- Symptoms: Pain over the hypothenar eminence especially at the ring finger, though all fingers of the same hand may be affected (thumb is never affected); increased sensitivity to cold and reduced sense of touch in affected digits
- Causes: multiple trauma of the fingers leading to Ischemia., Smoking, type of occupation: example carpenters, polishers, builders.
- Risk factors: Regular use of vibrating tools (carpenters, mechanics, machinists) and a subset of athletics involving repeated high-impact on the hand (baseball catchers, golfers, karate, volleyball)
- Treatment: Nonoperative: cessation of smoking, avoid recurrent trauma; operative: endovascular fibrinolysis, excision of involved segment and reconstruction with or without a vein graft, and arterial ligation

= Hypothenar hammer syndrome =

Hypothenar hammer syndrome (HHS) is a vascular occlusion in humans in the region of the ulna. It is caused by repetitive trauma to the hand or wrist (such as that caused by the use of the hand as a hammer) by the vulnerable portion of the ulnar artery as it passes over the hamate bone, which may result in thrombosis, irregularity or aneurysm formation. HHS is a potentially curable cause of Raynaud's syndrome, distinct from hand–arm vibration syndrome.

==Diagnosis==
A physical examination of the hand may show discoloration (blanching, mottling, and/ or cyanosis; gangrene may be present in advanced cases), unusual tenderness/ a callous over the hypothenar eminence, and fingertip ulcerations and splinter hemorrhages over ulnar digits; if an aneurysm is present, there may also be a pulsatile mass.

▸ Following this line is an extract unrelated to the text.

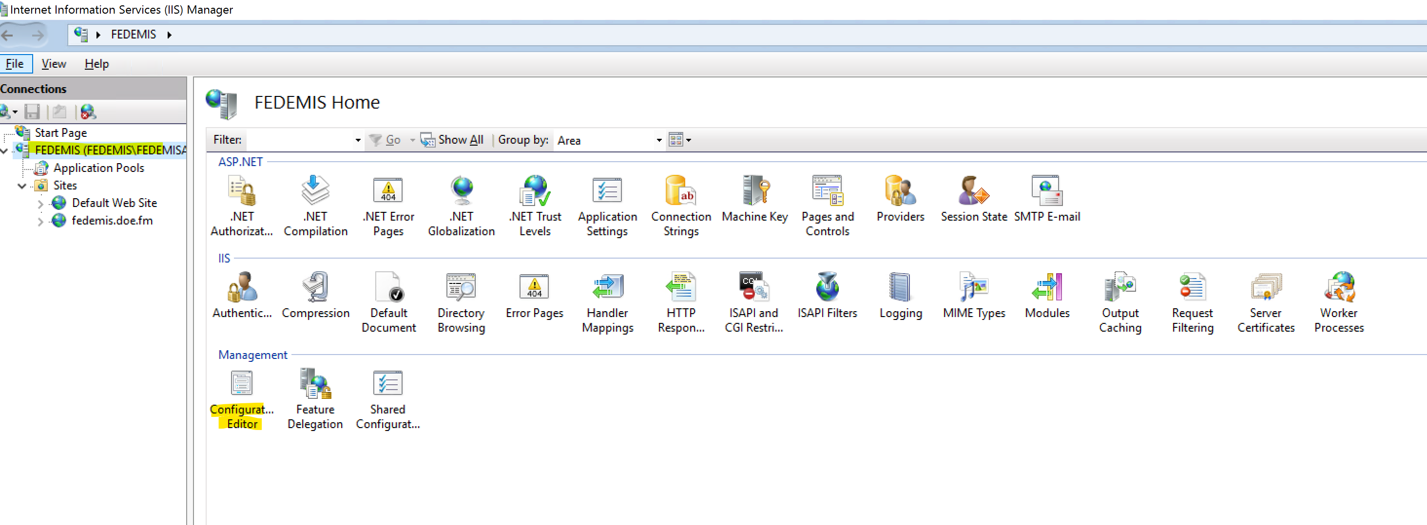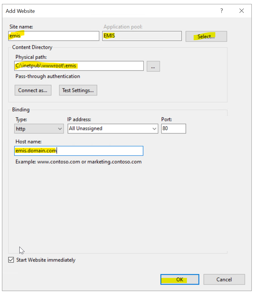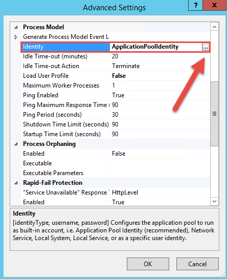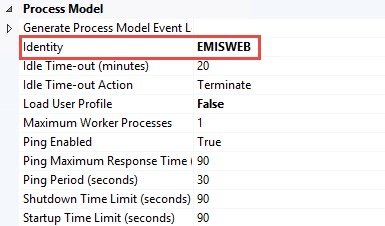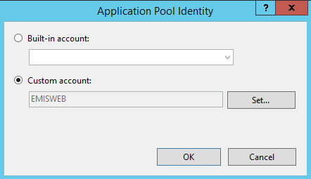 Apart from the default setting as shown in the above figure you will need to go in the new EMIS application pool's Advanced Settings… and configure the Identity to the Windows account EMISWEB we created earlier. Select the EMIS application pool and Advanced Settings…. The steps involved in setting the custom identity are depicted in the following figure.

Allen's test will be positive if an occlusion is present and negative if an aneurysm is present. An angiogram may show a "corkscrew" ulnar artery or an occlusion or aneurysm at the hook of the hamate.

==Treatment==
Noninvasive treatments have an 80% success rate; Example: switch jobs, stop smoking, regular finger exercise, surgical options exist for other instances.

==Epidemiology==
HHS, though rare, occurs much more frequently in men than in women (9:1) and principally affects those in their 40s and 50s.